TKE 部署指南¶
📚 概述¶
本文档介绍如何在 TKE 集群中解包和部署 ModelKit,实现模型的快速部署和管理。我们将介绍多种部署模式,帮助你选择最适合业务场景的方案。
🎯 文档元信息¶
- 适用产品: TKE 标准集群 / TKE Serverless
- 适用场景: 模型推理服务部署、批量预测任务
- Agent 友好度: ⭐⭐⭐⭐⭐
📋 部署方式对比¶
| 方式 | 适用场景 | 优点 | 缺点 |
|---|---|---|---|
| Init Container | 启动时加载 | 简单直接、资源占用少 | 更新需重启 Pod |
| Sidecar | 运行时更新 | 支持热更新 | 资源占用多 |
| 定时任务 | 定期同步 | 自动化、批量更新 | 延迟较大 |
| PV 预加载 | 共享模型 | 多 Pod 共享、节省带宽 | 配置复杂 |
🚀 方式一:Init Container 部署(推荐)¶
Init Container 是最常用的部署方式,在主容器启动前完成模型加载。
基本配置¶
apiVersion: apps/v1
kind: Deployment
metadata:
name: model-inference
labels:
app: model-inference
spec:
replicas: 3
selector:
matchLabels:
app: model-inference
template:
metadata:
labels:
app: model-inference
spec:
# 拉取 TCR 镜像的凭证
imagePullSecrets:
- name: tcr-secret
# Init Container 加载模型
initContainers:
- name: model-loader
image: ghcr.io/kitops-ml/kit:latest
command:
- sh
- -c
- |
kit login $TCR_REGISTRY -u $TCR_USERNAME -p $TCR_PASSWORD
kit unpack $MODEL_REFERENCE --filter=model -d /models -o
env:
- name: TCR_REGISTRY
value: "ml-registry-xxxx.tencentcloudcr.com"
- name: MODEL_REFERENCE
value: "ml-registry-xxxx.tencentcloudcr.com/ml-models/bert-sentiment:v1.2.0"
- name: TCR_USERNAME
valueFrom:
secretKeyRef:
name: tcr-credentials
key: username
- name: TCR_PASSWORD
valueFrom:
secretKeyRef:
name: tcr-credentials
key: password
volumeMounts:
- name: model-volume
mountPath: /models
# 主容器运行推理服务
containers:
- name: inference-server
image: your-inference-image:latest
ports:
- containerPort: 8080
volumeMounts:
- name: model-volume
mountPath: /app/models
readOnly: true
resources:
requests:
memory: "2Gi"
cpu: "1"
limits:
memory: "4Gi"
cpu: "2"
volumes:
- name: model-volume
emptyDir: {}
使用 ConfigMap 管理模型版本¶
apiVersion: v1
kind: ConfigMap
metadata:
name: model-config
data:
MODEL_VERSION: "v1.2.0"
MODEL_NAME: "bert-sentiment"
MODEL_NAMESPACE: "ml-models"
---
apiVersion: apps/v1
kind: Deployment
metadata:
name: model-inference
spec:
template:
spec:
initContainers:
- name: model-loader
image: ghcr.io/kitops-ml/kit:latest
command:
- sh
- -c
- |
MODEL_REF="${TCR_REGISTRY}/${MODEL_NAMESPACE}/${MODEL_NAME}:${MODEL_VERSION}"

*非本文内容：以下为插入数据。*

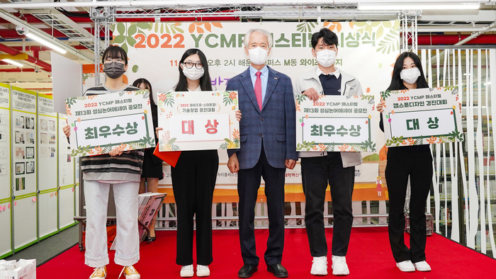 ▲ 와이즈유 영산대학교가 YCMP 페스티벌의 경진대회 시상식을 열고 수상자들과 함께 기념촬영을 하고 있다. ©김중건

echo "Loading model: $MODEL_REF"
kit login $TCR_REGISTRY -u $TCR_USERNAME -p $TCR_PASSWORD
kit unpack $MODEL_REF --filter=model -d /models -o
echo "Model loaded successfully"
envFrom:
- configMapRef:
name: model-config
env:
- name: TCR_REGISTRY
value: "ml-registry-xxxx.tencentcloudcr.com"
# ... 凭证配置
选择性加载组件¶
initContainers:
- name: model-loader
image: ghcr.io/kitops-ml/kit:latest
command:
- sh
- -c
- |
# 仅加载模型
kit unpack $MODEL_REF --filter=model -d /models -o
# 加载模型和配置
# kit unpack $MODEL_REF --filter=model --filter=docs -d /models -o
# 加载模型和特定数据集
# kit unpack $MODEL_REF --filter=model --filter=datasets:validation -d /models -o
🔄 方式二:Sidecar 部署(支持热更新)¶
Sidecar 模式允许在运行时更新模型,无需重启主容器。
基本配置¶
apiVersion: apps/v1
kind: Deployment
metadata:
name: model-inference-with-sidecar
spec:
template:
spec:
containers:
# 主推理容器
- name: inference-server
image: your-inference-image:latest
ports:
- containerPort: 8080
volumeMounts:
- name: model-volume
mountPath: /app/models
readOnly: true
# 监听文件变化并重新加载模型
lifecycle:
postStart:
exec:
command:
- /bin/sh
- -c
- |
# 等待模型加载完成
while [ ! -f /app/models/.ready ]; do sleep 1; done
# Sidecar 容器:模型更新器
- name: model-updater
image: ghcr.io/kitops-ml/kit:latest
command:
- sh
- -c
- |
# 初始加载
kit login $TCR_REGISTRY -u $TCR_USERNAME -p $TCR_PASSWORD
kit unpack $MODEL_REF --filter=model -d /models -o
touch /models/.ready
# 定期检查更新
while true; do
sleep 300 # 每 5 分钟检查一次
# 检查是否有新版本
LOCAL_DIGEST=$(cat /models/.digest 2>/dev/null || echo "")
REMOTE_DIGEST=$(kit info $MODEL_REF --format '{{.Digest}}' 2>/dev/null || echo "")
if [ "$LOCAL_DIGEST" != "$REMOTE_DIGEST" ] && [ -n "$REMOTE_DIGEST" ]; then
echo "New model version detected, updating..."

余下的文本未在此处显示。